- [Data block]:
######

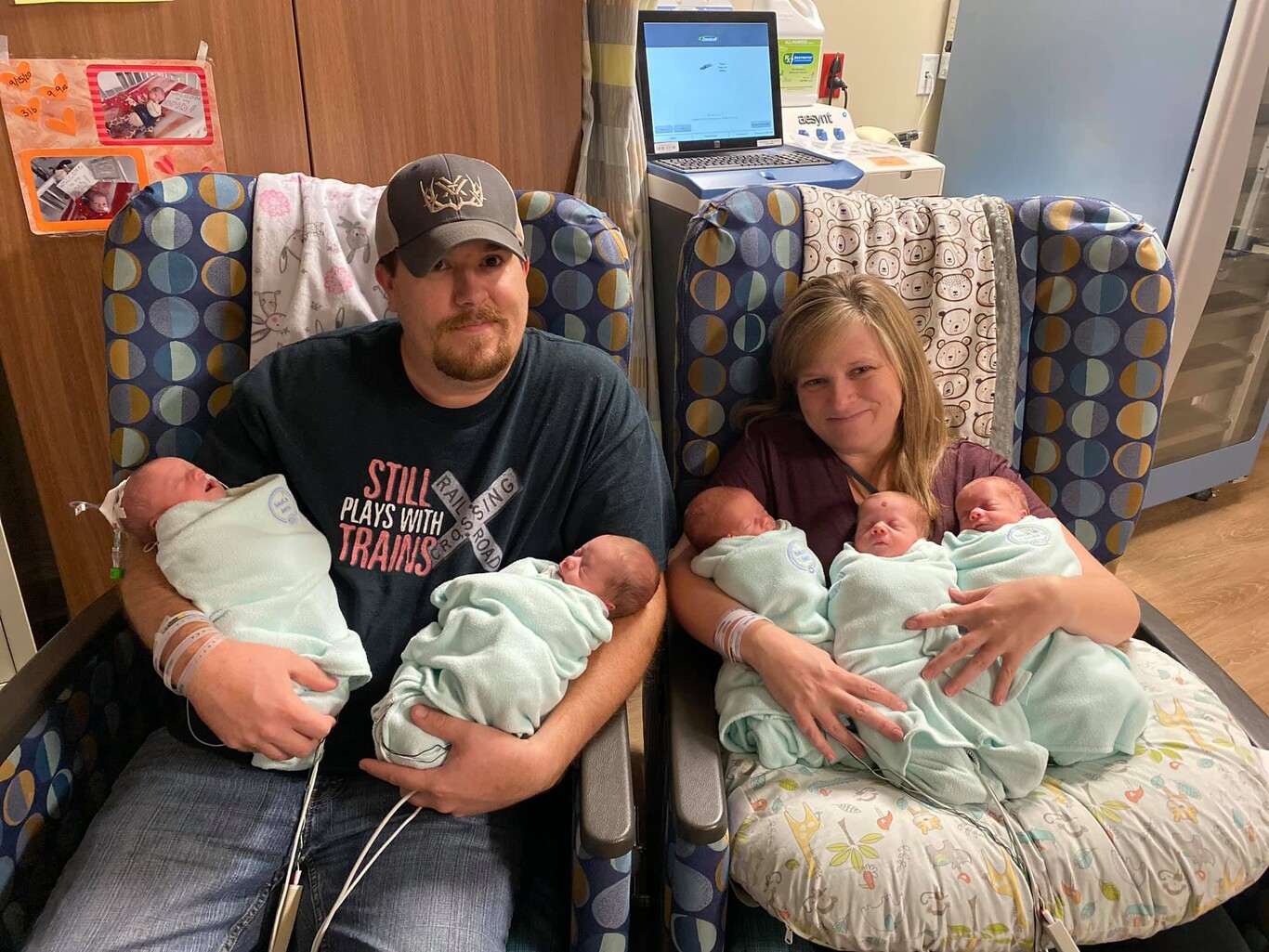 Joshua y Megan Hulen sabían que deseaban tener tres hijos, y como ya tenían a Jacob y Matthew de siete y dos años respectivamente, esperaban que su tercer embarazo les trajera finalmente una niña. Pero para su suerte, no solo tuvieron una niña, sino cuatro y un niño más, pues este último embarazo resultó ser múltiple.
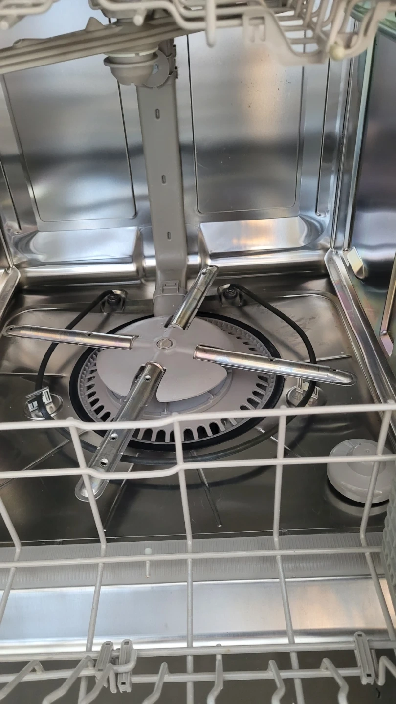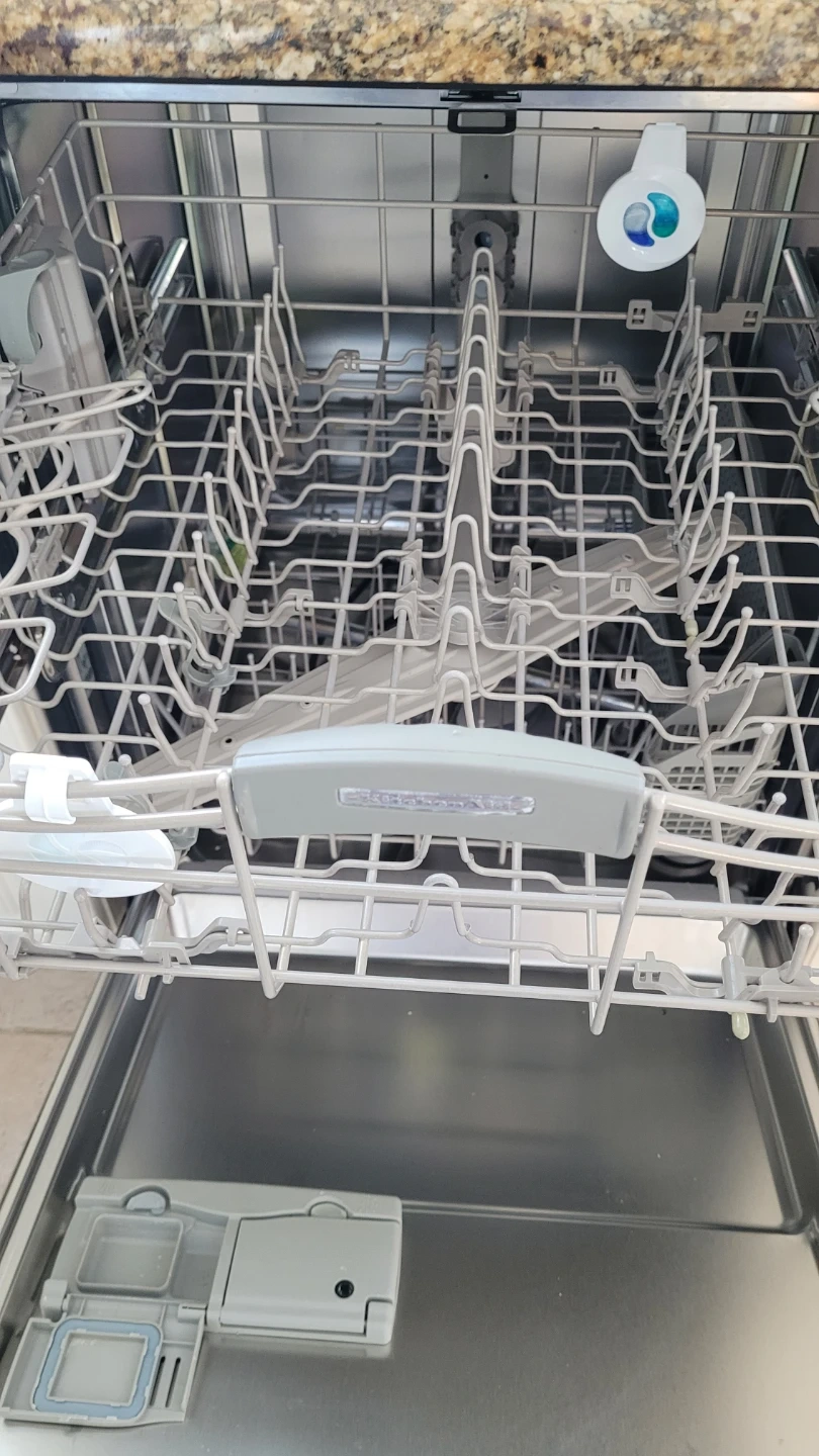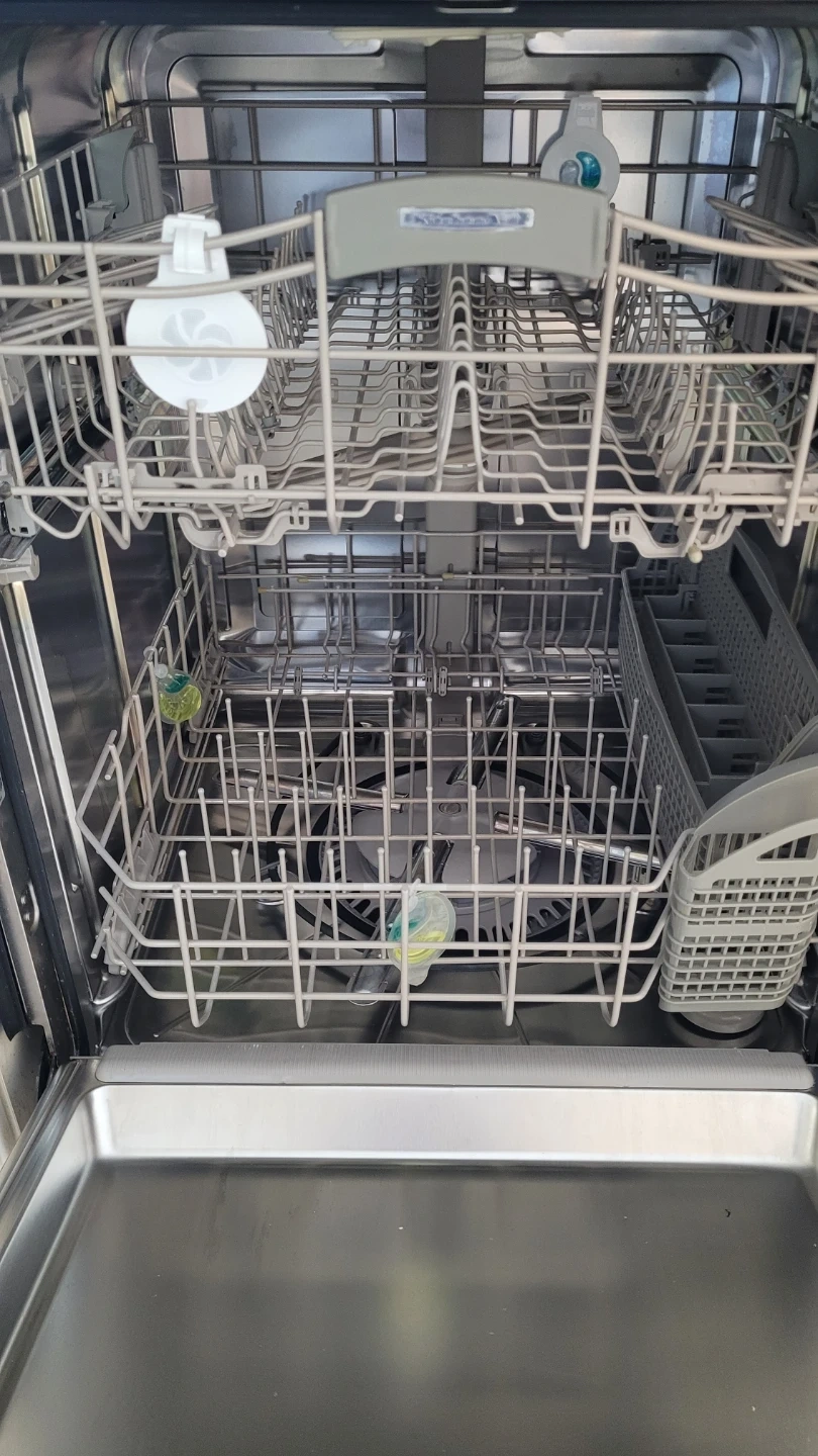 This is a stainless steel dishwasher from KitchenAid. It features multiple racks for ample dish placement and a stainless steel interior for durability. The control panel offers various wash cycles and options to suit your needs.
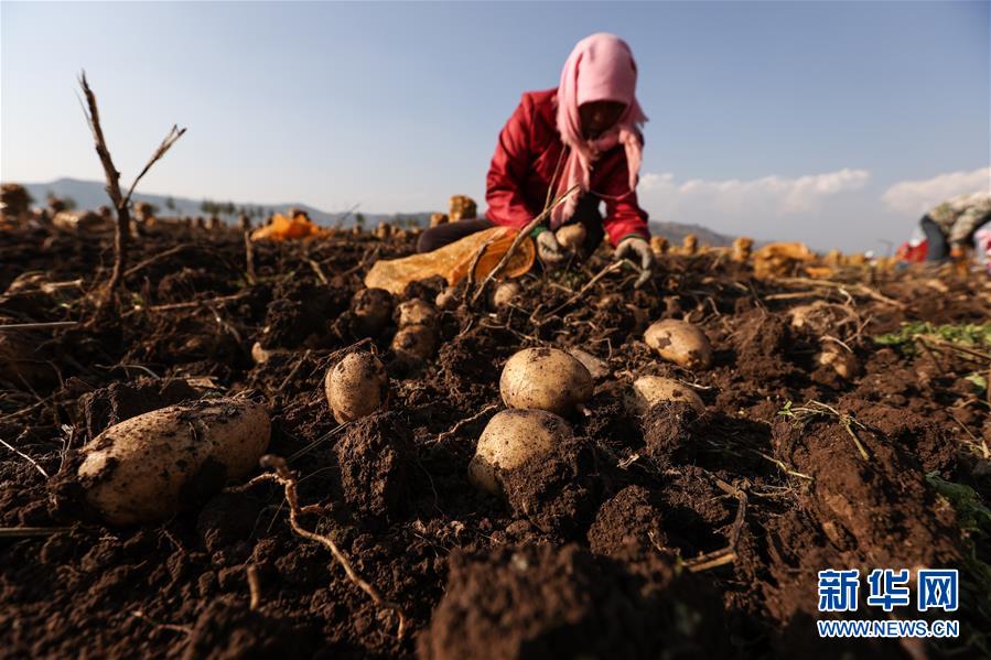 10月10日,海东市互助土族自治县威远镇卓扎滩村,村民在收获土豆。 近年来,青海省海东市互助土族自治县通过发展土豆产业,促进百姓增收。目前正是当地土豆丰收的季节,田间地头一片忙碌景象。 新华社记者 吴刚 摄
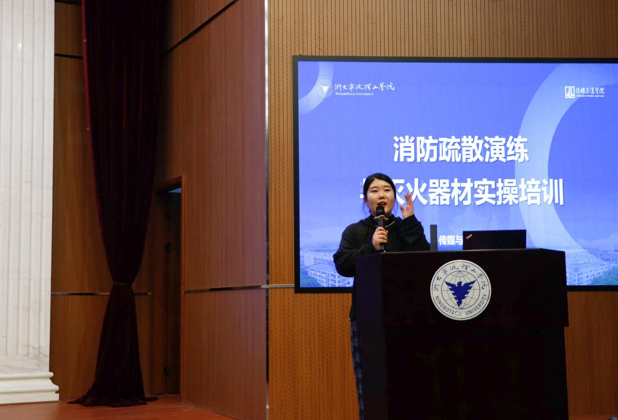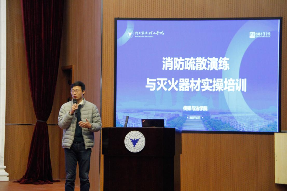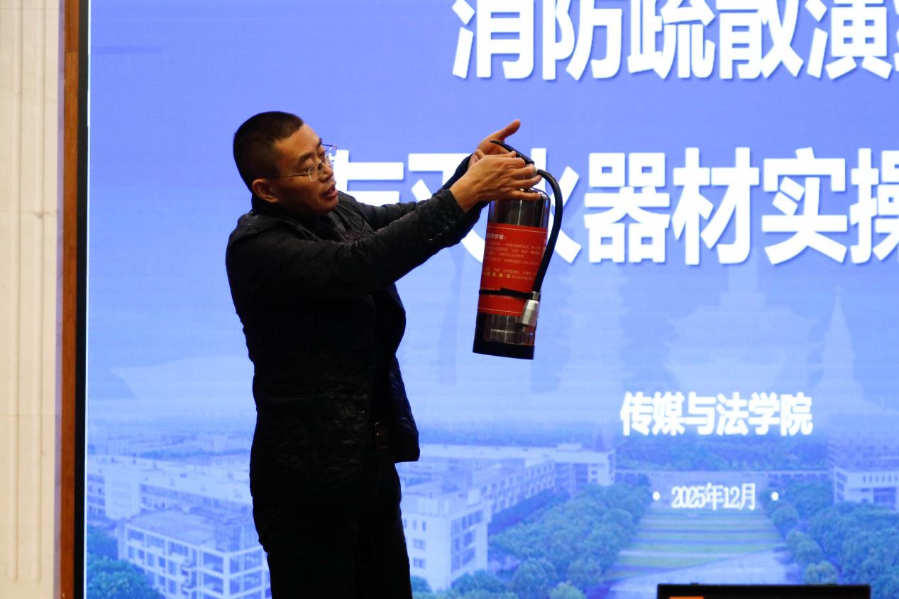 为切实增强师生消防安全意识与风险防范能力,全面提升应对突发事件的自救互救与应急疏散能力,12月3日下午,传媒与法学院组织开展了消防演练及灭火器材实操培训。学院党政办公室、学生工作办公室、实验室教师代表及百余名学生共同参与。活动邀请学校安全保卫部燕永波老师及相关安保人员进行现场讲解与示范。

######

Leave the pictures out and output all of the data verbatim.

 Joshua y Megan Hulen sabían que deseaban tener tres hijos, y como ya tenían a Jacob y Matthew de siete y dos años respectivamente, esperaban que su tercer embarazo les trajera finalmente una niña. Pero para su suerte, no solo tuvieron una niña, sino cuatro y un niño más, pues este último embarazo resultó ser múltiple.
 This is a stainless steel dishwasher from KitchenAid. It features multiple racks for ample dish placement and a stainless steel interior for durability. The control panel offers various wash cycles and options to suit your needs.
 10月10日,海东市互助土族自治县威远镇卓扎滩村,村民在收获土豆。 近年来,青海省海东市互助土族自治县通过发展土豆产业,促进百姓增收。目前正是当地土豆丰收的季节,田间地头一片忙碌景象。 新华社记者 吴刚 摄
 为切实增强师生消防安全意识与风险防范能力,全面提升应对突发事件的自救互救与应急疏散能力,12月3日下午,传媒与法学院组织开展了消防演练及灭火器材实操培训。学院党政办公室、学生工作办公室、实验室教师代表及百余名学生共同参与。活动邀请学校安全保卫部燕永波老师及相关安保人员进行现场讲解与示范。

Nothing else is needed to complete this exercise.